▶ **TASK OBJECTIVE**:
Although the records include pictures, print only the rest, exactly as written.

---------- EXTRACTED INFORMATION

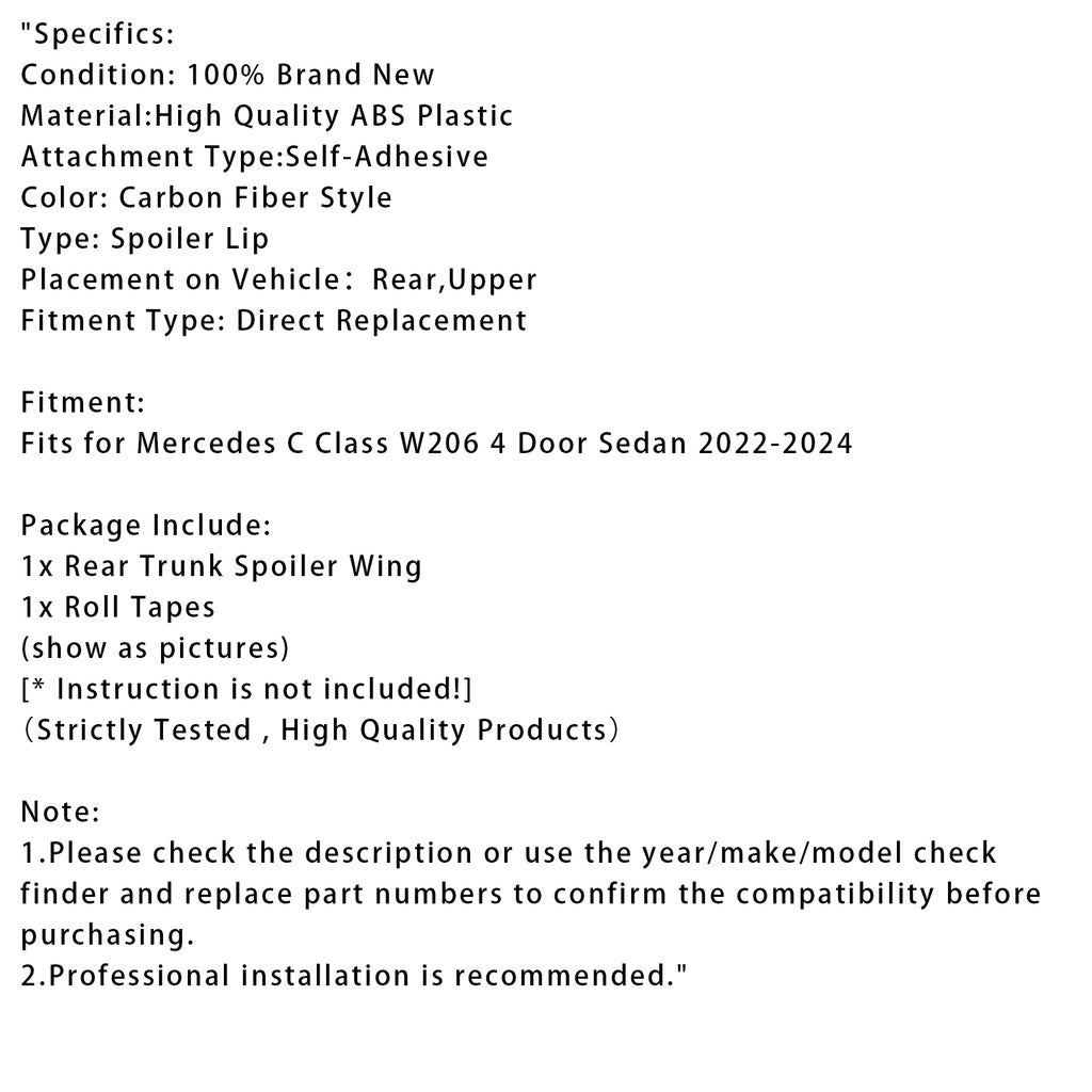Aerofólio traseiro com aparência de fibra de carbono para Benz W206 Estilo C63S 2022-2024
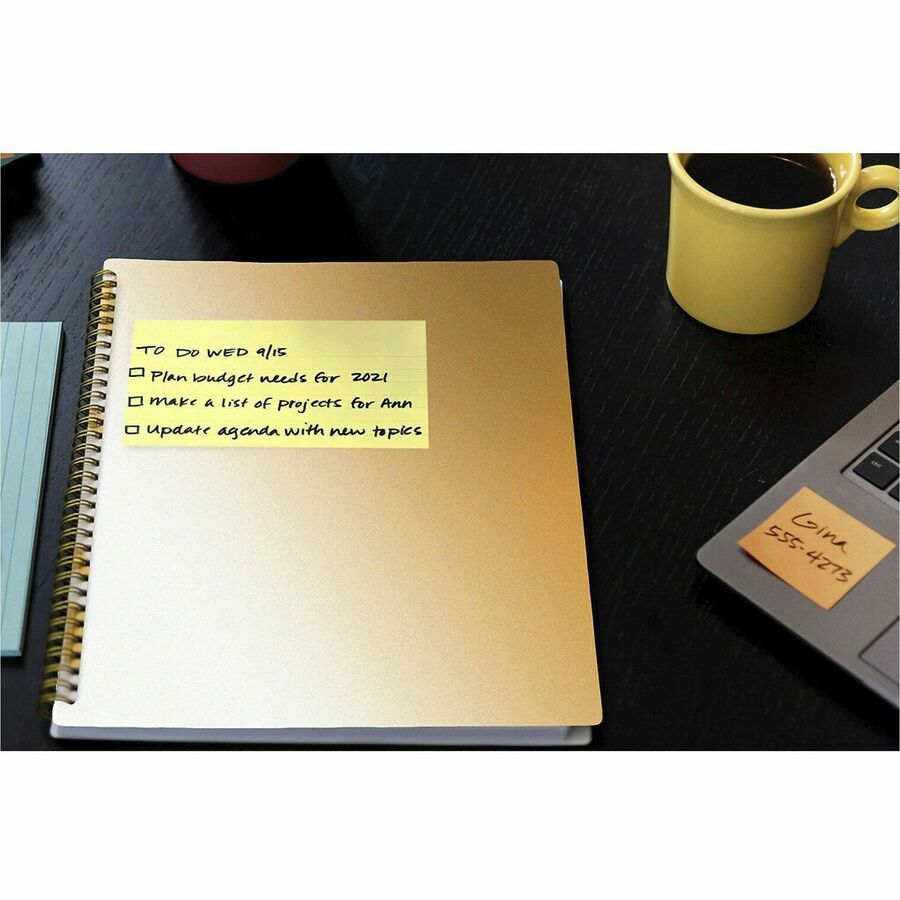 | Marketing Information | Post-it Notes are the perfect size for notes, numbers and lists. Self-stick removable notes stick securely and remove cleanly. Familiar and attention-getting, Canary Yellow Notes help get your message across. Post-it Notes are recyclable, and the paper in Post-it Notes is sourced from certified, renewable and responsibly managed forests. |
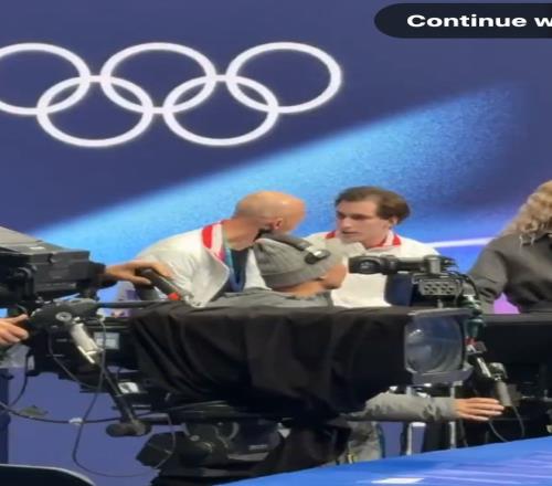 鏡頭切到kiss and cry區(qū)域,這是運(yùn)動(dòng)員完成比賽后,和教練一起坐著等待裁判打分的地方。Beno?t穿著美國(guó)隊(duì)的隊(duì)服,坐在一個(gè)年輕人身邊。
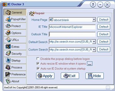 IE Doctor là công cụ được thiết kế để khắc phục, tối ưu hóa và bảo vệ các thiết lập Internet Explorer của bạn. Phần mềm này giúp ngăn chặn những can thiệp trái phép từ các hacker hoặc loại bỏ các cửa sổ popup quảng cáo gây phiền toái.
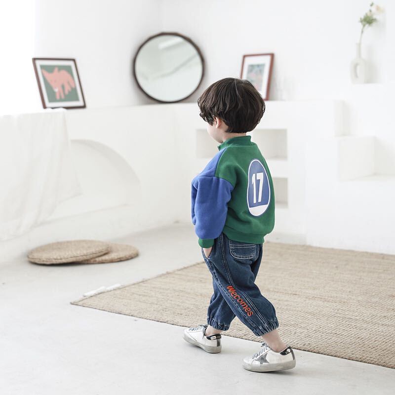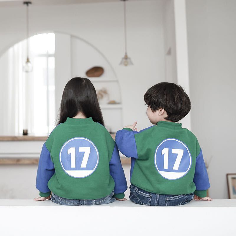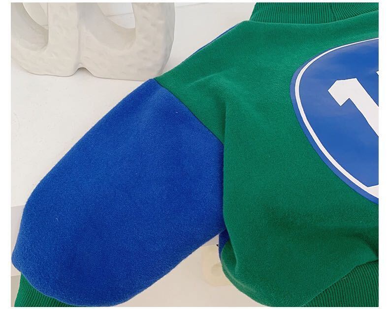 色:青緑色のカラーブロックセーター
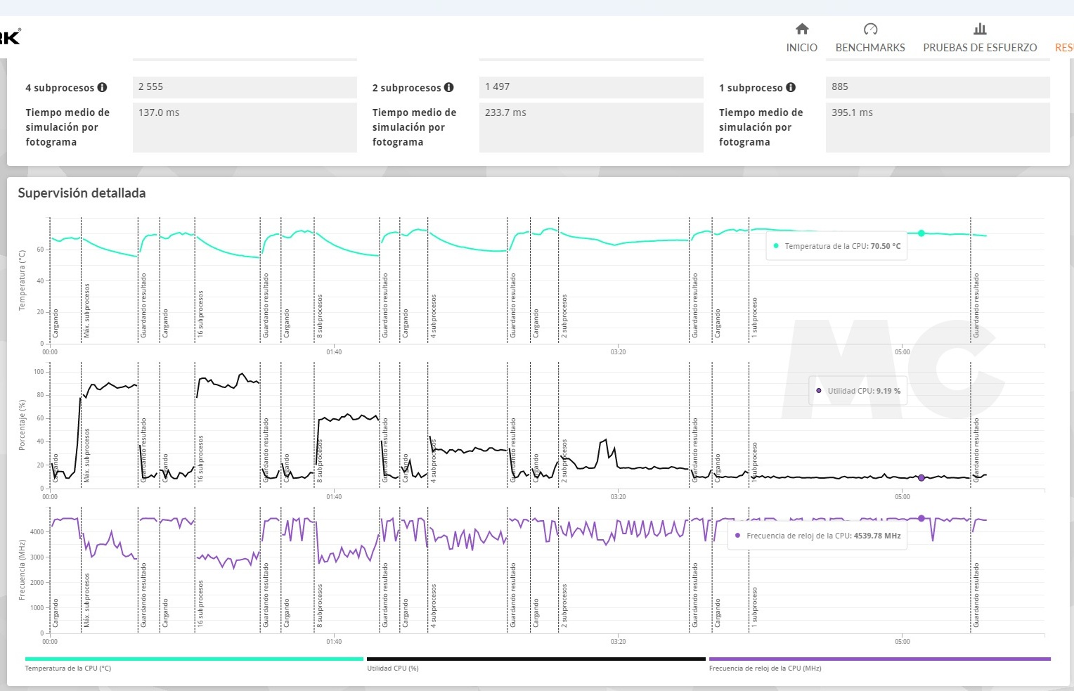 Para confirmar esto, vamos a ver cómo escala en velocidad y temperatura en cada subprueba:
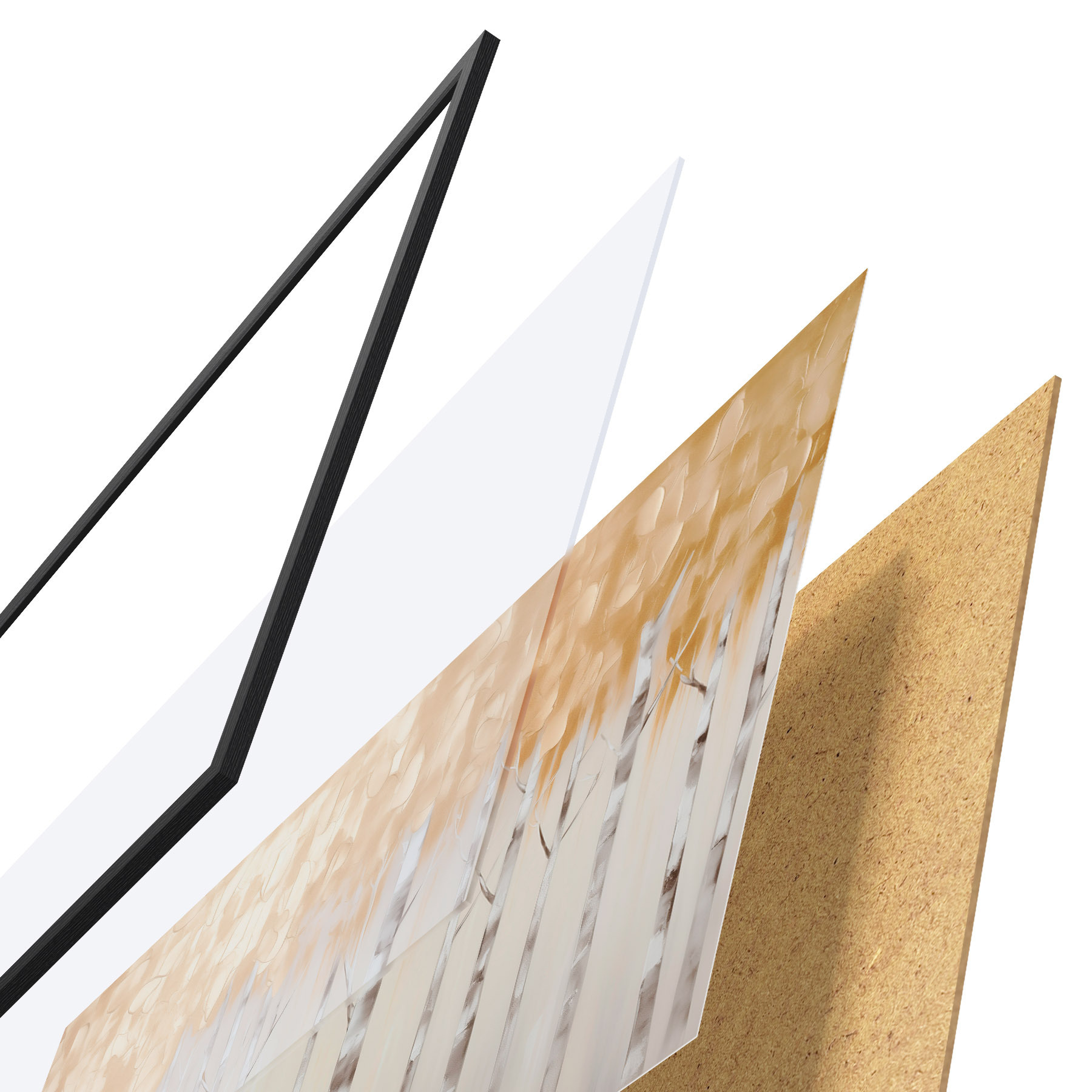 El póster consta de marco, plexiglás, imagen impresa y soporte de aglomerado. El póster puede colgarse inmediatamente en la pared gracias a los soportes de la parte posterior.

--------------------

▶ **REPLY TO THE TASK**:
Aerofólio traseiro com aparência de fibra de carbono para Benz W206 Estilo C63S 2022-2024
 | Marketing Information | Post-it Notes are the perfect size for notes, numbers and lists. Self-stick removable notes stick securely and remove cleanly. Familiar and attention-getting, Canary Yellow Notes help get your message across. Post-it Notes are recyclable, and the paper in Post-it Notes is sourced from certified, renewable and responsibly managed forests. |
 鏡頭切到kiss and cry區(qū)域,這是運(yùn)動(dòng)員完成比賽后,和教練一起坐著等待裁判打分的地方。Beno?t穿著美國(guó)隊(duì)的隊(duì)服,坐在一個(gè)年輕人身邊。
 IE Doctor là công cụ được thiết kế để khắc phục, tối ưu hóa và bảo vệ các thiết lập Internet Explorer của bạn. Phần mềm này giúp ngăn chặn những can thiệp trái phép từ các hacker hoặc loại bỏ các cửa sổ popup quảng cáo gây phiền toái.
 色:青緑色のカラーブロックセーター
 Para confirmar esto, vamos a ver cómo escala en velocidad y temperatura en cada subprueba:
 El póster consta de marco, plexiglás, imagen impresa y soporte de aglomerado. El póster puede colgarse inmediatamente en la pared gracias a los soportes de la parte posterior.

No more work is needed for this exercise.